PROBLEM DESCRIPTION:
Though the entries hold pictures, only their text should be duplicated, exactly and in full.

MATERIAL SUPPLIED: Begin

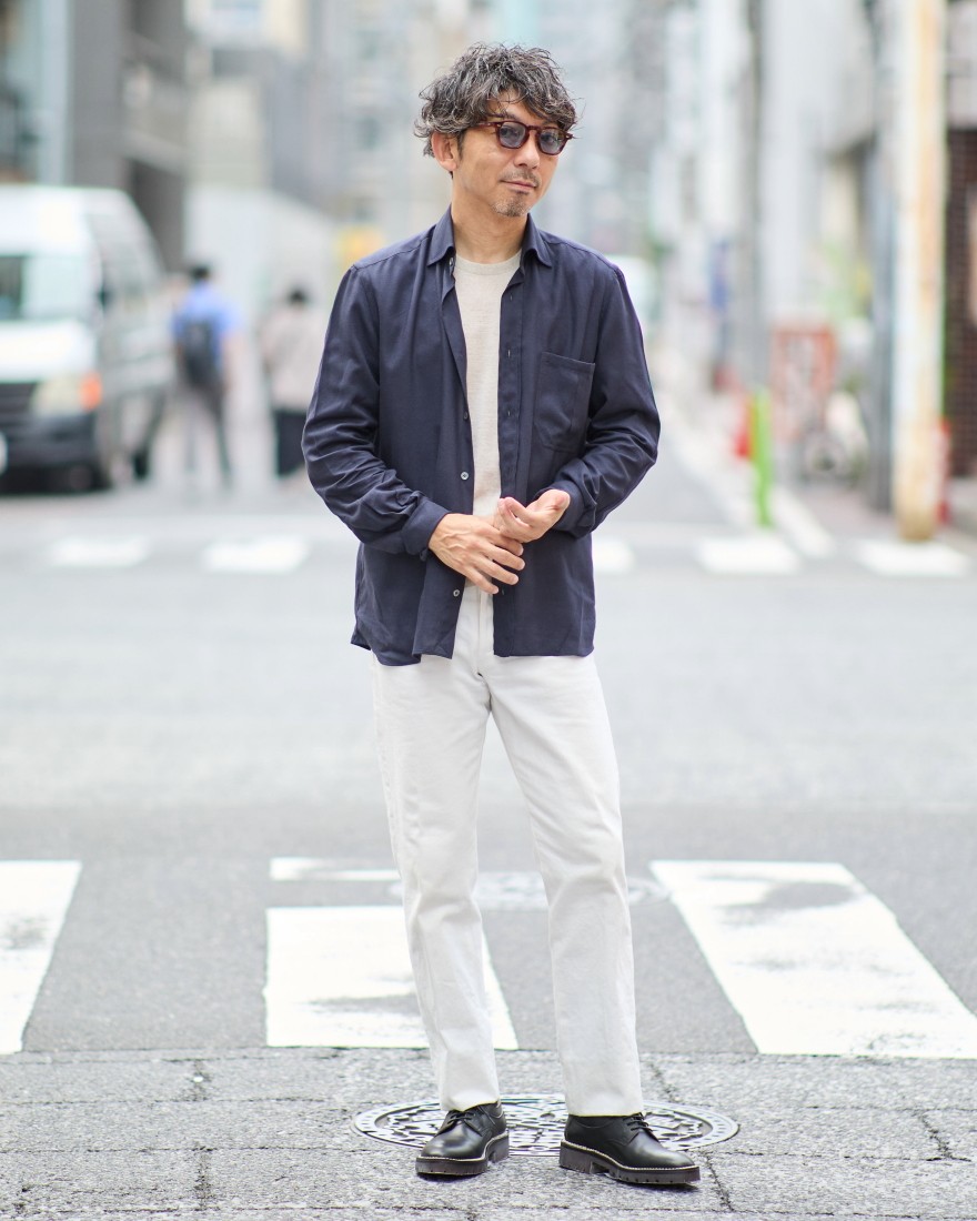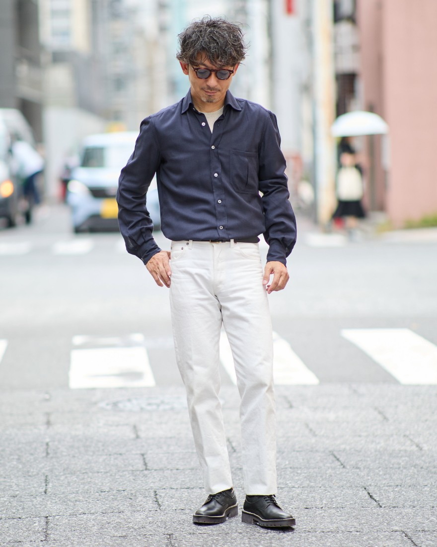 フロントはすっきりとしたワイドカラーで、胸ポケットにはインバーテッドプリーツがさりげないカジュアル感をプラスしています。バックはウエスタンヨークを採用し、センターにインバーテッドプリーツを配することで、遊び心あふれるデザインに仕上げました。プリーツの一部をステッチで留めることで、美しいシルエットを保ちつつ、立体的な表情が生まれます。
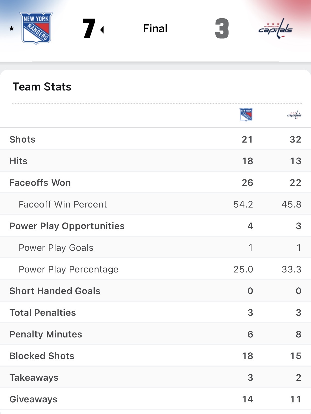 The Rangers scored seven goals tonight, their competition three.
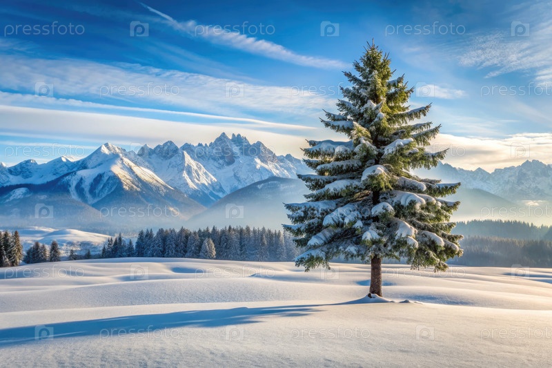 Одинокая сосна в снежном лугу на фоне величественных гор
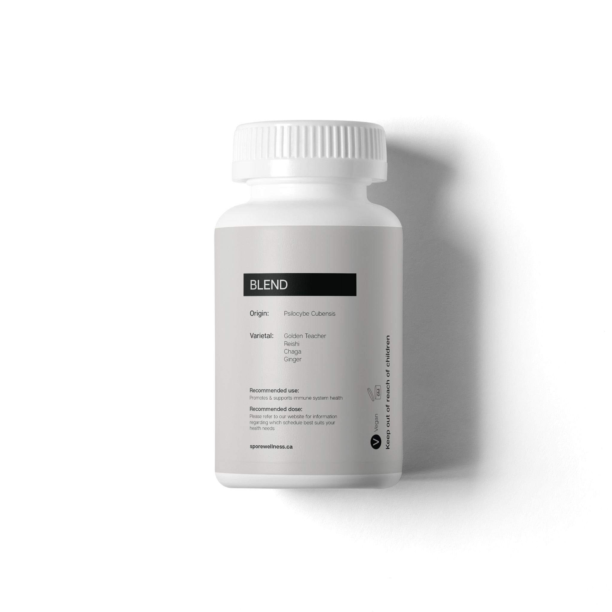 Spore Wellness Immune (SWI) is a blend of Golden Teacher (psilocybe cubensis), Reishi (ganoderma lucidum), Chaga (inonotus obliquus), and Organic Ginger.
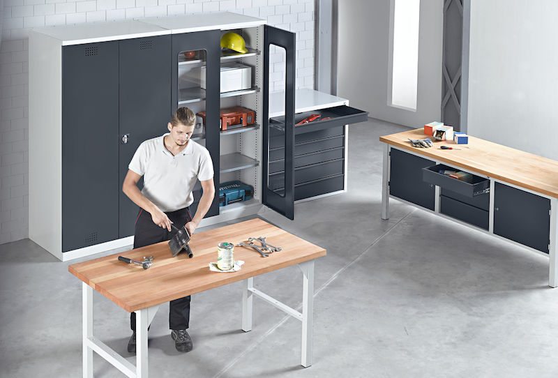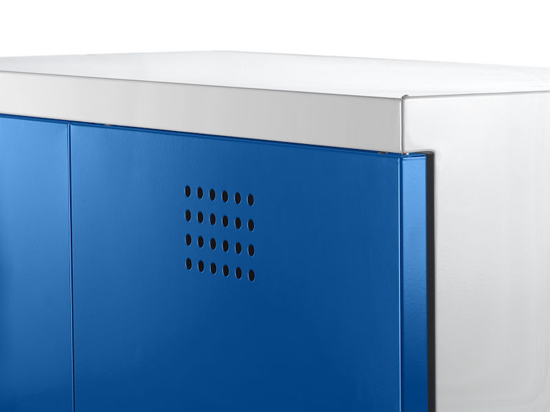 Kemikaalikaappi Tom, 4 valuma-allasta, gentiansiniset ovet. Tukeva hitsattu ja jauhemaalattu teräspeltirakenne. Runko vaaleanharmaa RAL 7035.
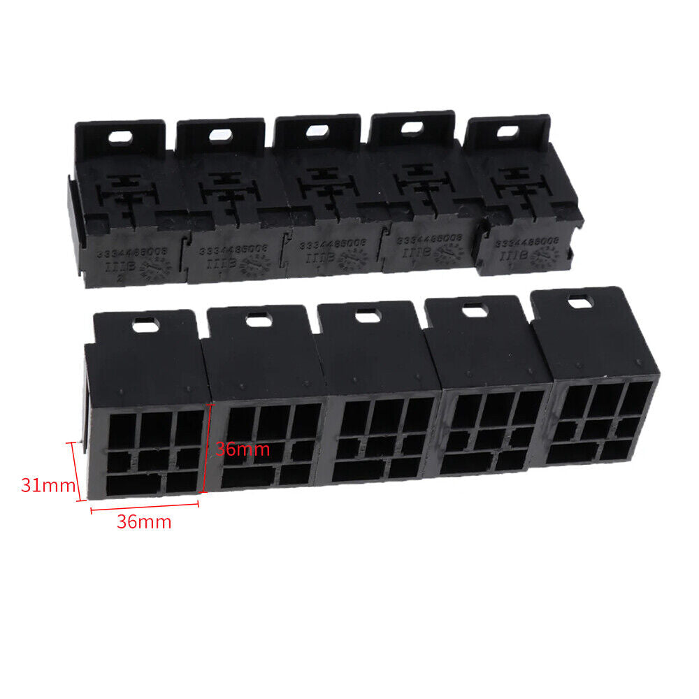 Descriptions: - Brand New & High Quality - Size: 36*36*31mm (approx.) - Terminal size: 6.3mm (approx.) - The relay socket holder is made of PA66, which is very durable, and not easy to deform, long lasting. - Relay sockets are used in many automotive electronic applications and can turn on/off almost any device. Wide use: The holder is perfect for car alarm clock, remote start, headlamp, pops-up door, release strobe lamp, fog light, stereo, fan. Easy to use: The relay socket holder comes with terminals, which are very convenient and simple to operate. Replacement parts: The relay socket holder can be used for taking place the old and damaged accessories.
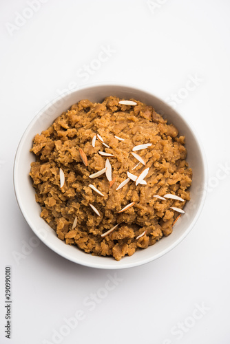 Wheat flour Halwa or Shira / Atte ka Halva, Popular healthy dessert or breakfast menu from India. served in a bowl or plate. selective focus
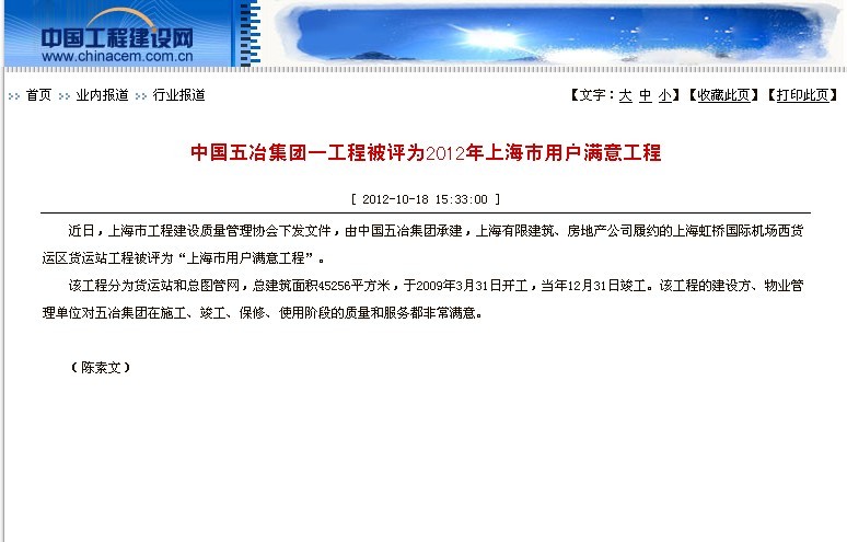 中國工程建設(shè)網(wǎng)報道:中國五冶集團(tuán)一工程被評為2012年上海市用戶滿意工程
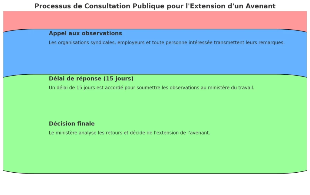 Avant qu’un avenant ne soit étendu, il passe par une phase de consultation publique. Cette étape est cruciale pour s’assurer que toutes les parties prenantes ont la possibilité de s’exprimer.
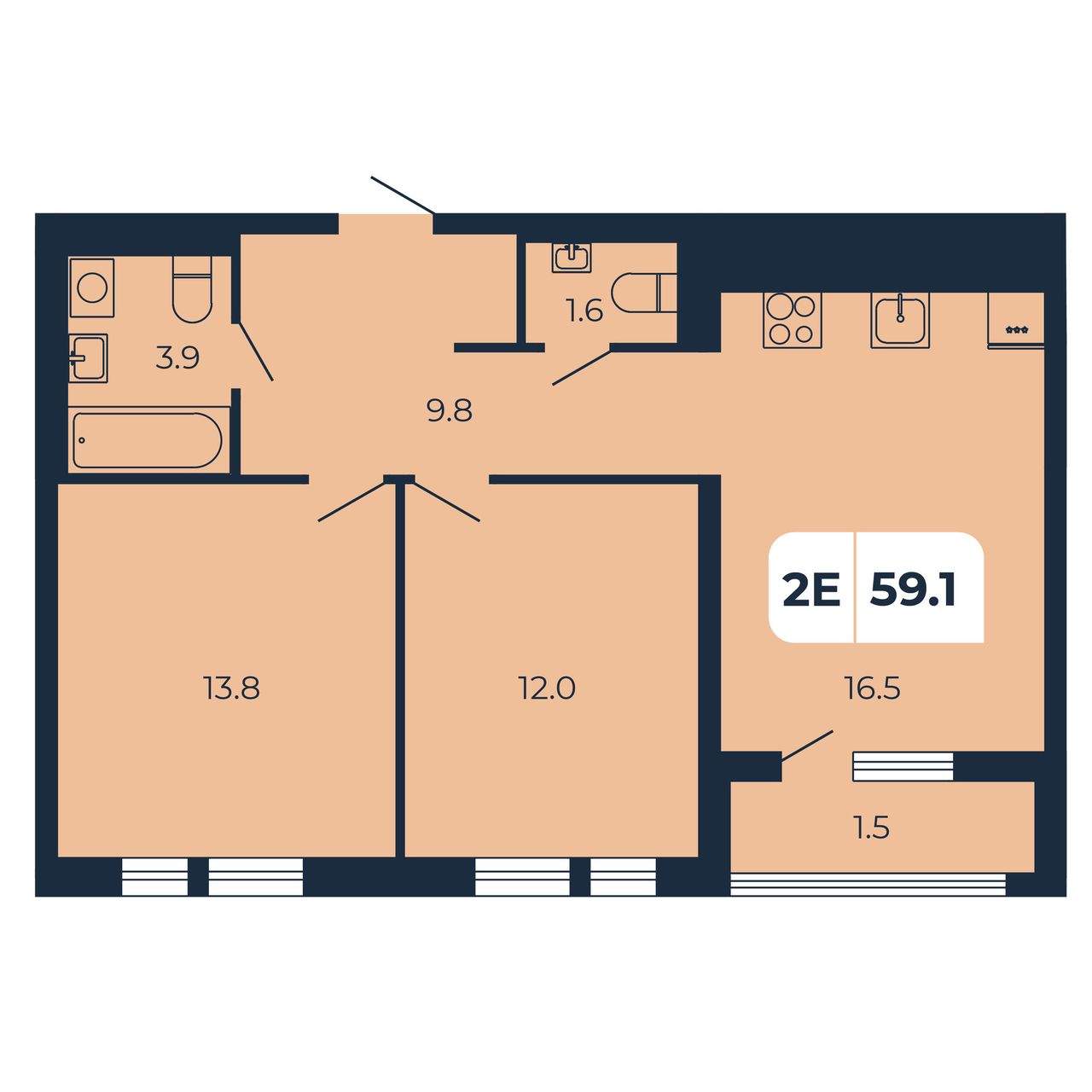 2-комнатная — 59,1 м² 17/17 эт. в Норд-Премьер
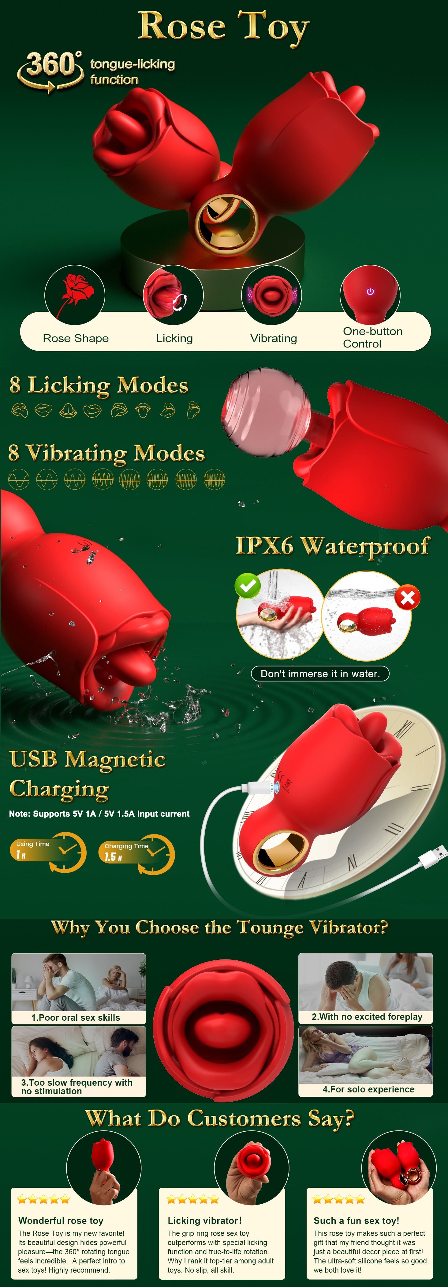 360° Rotating Rose-Style Personal Massager with Custom Modes
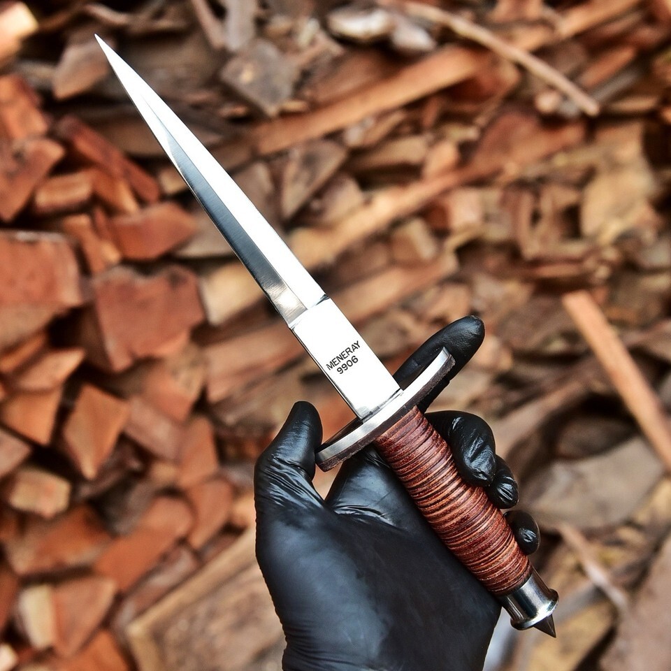 V-42 FSSF Stiletto Dagger Knife ? WWII Replica | Carbon Steel Blade + Leather Sheath
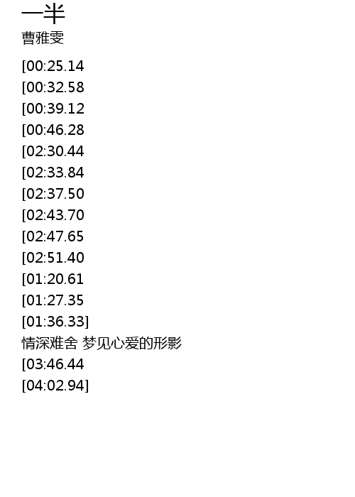 | [03:53.39][03:46.44] | 一半的不甘 一半的心痛 |
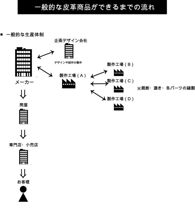 一般的には、デザインを考えるデザイナーからメーカーに依頼。メーカーから試作職人・型紙製作・裁断・漉加工・最終的に製品を縫製する皮革職人と、1つの製品が完成するまでには、何人もの職人さんたちを経て商品となる皮革商品。
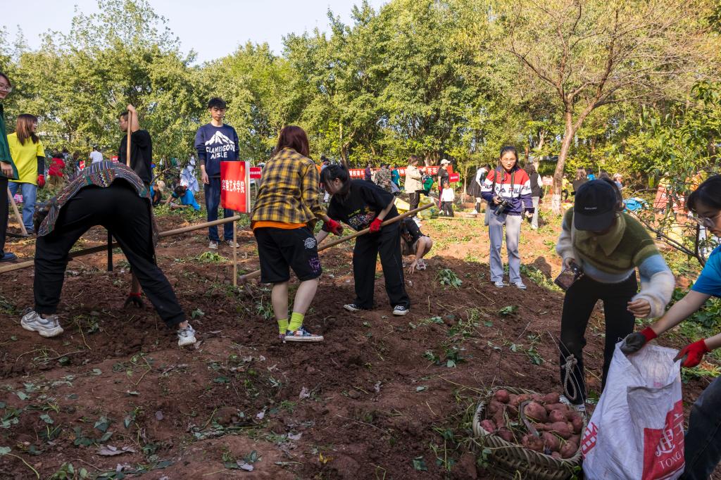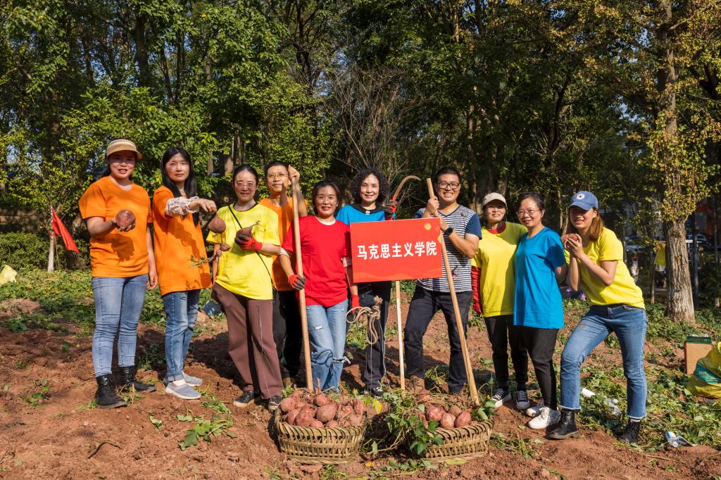 习近平总书记在党的二十大报告中强调“坚持尊重劳动、尊重知识、尊重人才、尊重创造”,号召“在全社会弘扬劳动精神、奋斗精神、奉献精神、创造精神、勤俭节约精神”。为深入贯彻党的二十大精神,11月2日下午,学校在虎溪校区荷塘和红薯地举行“向劳动致敬”农耕文化体验活动。学校党委书记唐青阳、党委副书记左益、副校长张杰、纪委书记黄云、副校长张勇华出席活动开幕式。唐青阳宣布活动开幕。左益主持开幕式。
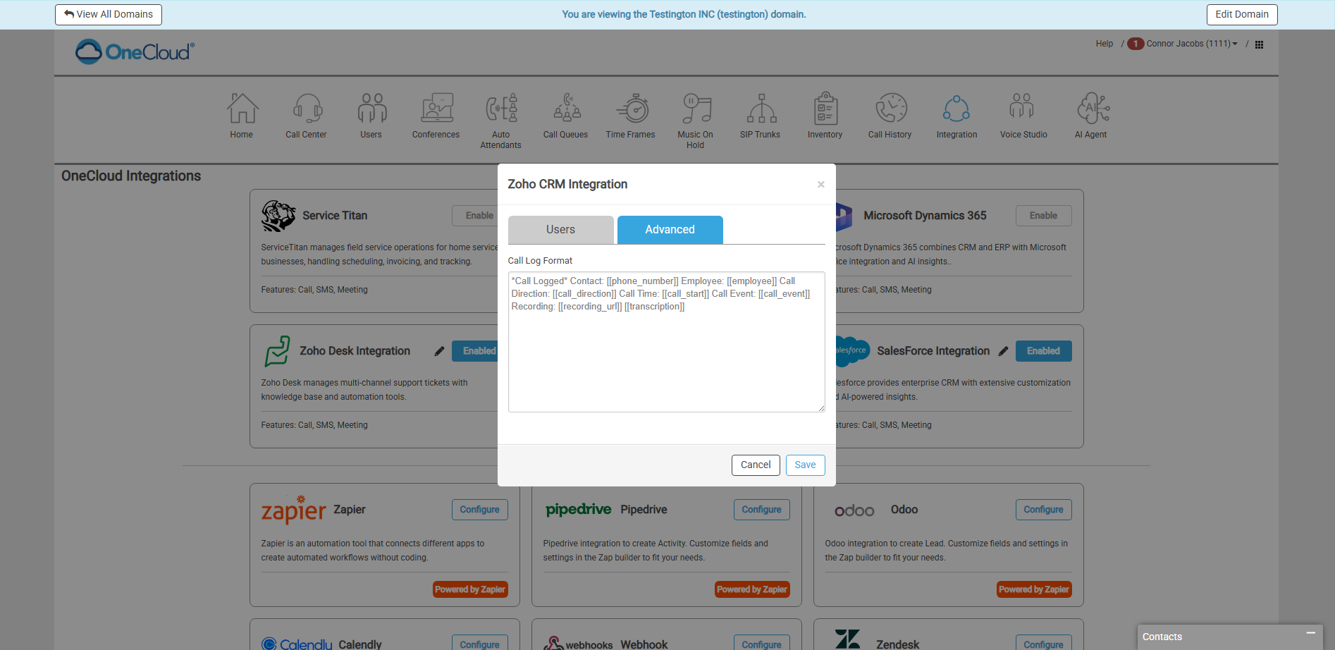 OneCloud Integrations | How to Setup the Zoho CRM Integrator in UCaaS Portal

MATERIAL SUPPLIED: End

ANSWER TO THIS EXERCISE:
 フロントはすっきりとしたワイドカラーで、胸ポケットにはインバーテッドプリーツがさりげないカジュアル感をプラスしています。バックはウエスタンヨークを採用し、センターにインバーテッドプリーツを配することで、遊び心あふれるデザインに仕上げました。プリーツの一部をステッチで留めることで、美しいシルエットを保ちつつ、立体的な表情が生まれます。
 The Rangers scored seven goals tonight, their competition three.
 Одинокая сосна в снежном лугу на фоне величественных гор
 Spore Wellness Immune (SWI) is a blend of Golden Teacher (psilocybe cubensis), Reishi (ganoderma lucidum), Chaga (inonotus obliquus), and Organic Ginger.
 Kemikaalikaappi Tom, 4 valuma-allasta, gentiansiniset ovet. Tukeva hitsattu ja jauhemaalattu teräspeltirakenne. Runko vaaleanharmaa RAL 7035.
 Descriptions: - Brand New & High Quality - Size: 36*36*31mm (approx.) - Terminal size: 6.3mm (approx.) - The relay socket holder is made of PA66, which is very durable, and not easy to deform, long lasting. - Relay sockets are used in many automotive electronic applications and can turn on/off almost any device. Wide use: The holder is perfect for car alarm clock, remote start, headlamp, pops-up door, release strobe lamp, fog light, stereo, fan. Easy to use: The relay socket holder comes with terminals, which are very convenient and simple to operate. Replacement parts: The relay socket holder can be used for taking place the old and damaged accessories.
 Wheat flour Halwa or Shira / Atte ka Halva, Popular healthy dessert or breakfast menu from India. served in a bowl or plate. selective focus
 中國工程建設(shè)網(wǎng)報道:中國五冶集團(tuán)一工程被評為2012年上海市用戶滿意工程
 Avant qu’un avenant ne soit étendu, il passe par une phase de consultation publique. Cette étape est cruciale pour s’assurer que toutes les parties prenantes ont la possibilité de s’exprimer.
 2-комнатная — 59,1 м² 17/17 эт. в Норд-Премьер
 360° Rotating Rose-Style Personal Massager with Custom Modes
 V-42 FSSF Stiletto Dagger Knife ? WWII Replica | Carbon Steel Blade + Leather Sheath
 | [03:53.39][03:46.44] | 一半的不甘 一半的心痛 |
 一般的には、デザインを考えるデザイナーからメーカーに依頼。メーカーから試作職人・型紙製作・裁断・漉加工・最終的に製品を縫製する皮革職人と、1つの製品が完成するまでには、何人もの職人さんたちを経て商品となる皮革商品。
 习近平总书记在党的二十大报告中强调“坚持尊重劳动、尊重知识、尊重人才、尊重创造”,号召“在全社会弘扬劳动精神、奋斗精神、奉献精神、创造精神、勤俭节约精神”。为深入贯彻党的二十大精神,11月2日下午,学校在虎溪校区荷塘和红薯地举行“向劳动致敬”农耕文化体验活动。学校党委书记唐青阳、党委副书记左益、副校长张杰、纪委书记黄云、副校长张勇华出席活动开幕式。唐青阳宣布活动开幕。左益主持开幕式。
 OneCloud Integrations | How to Setup the Zoho CRM Integrator in UCaaS Portal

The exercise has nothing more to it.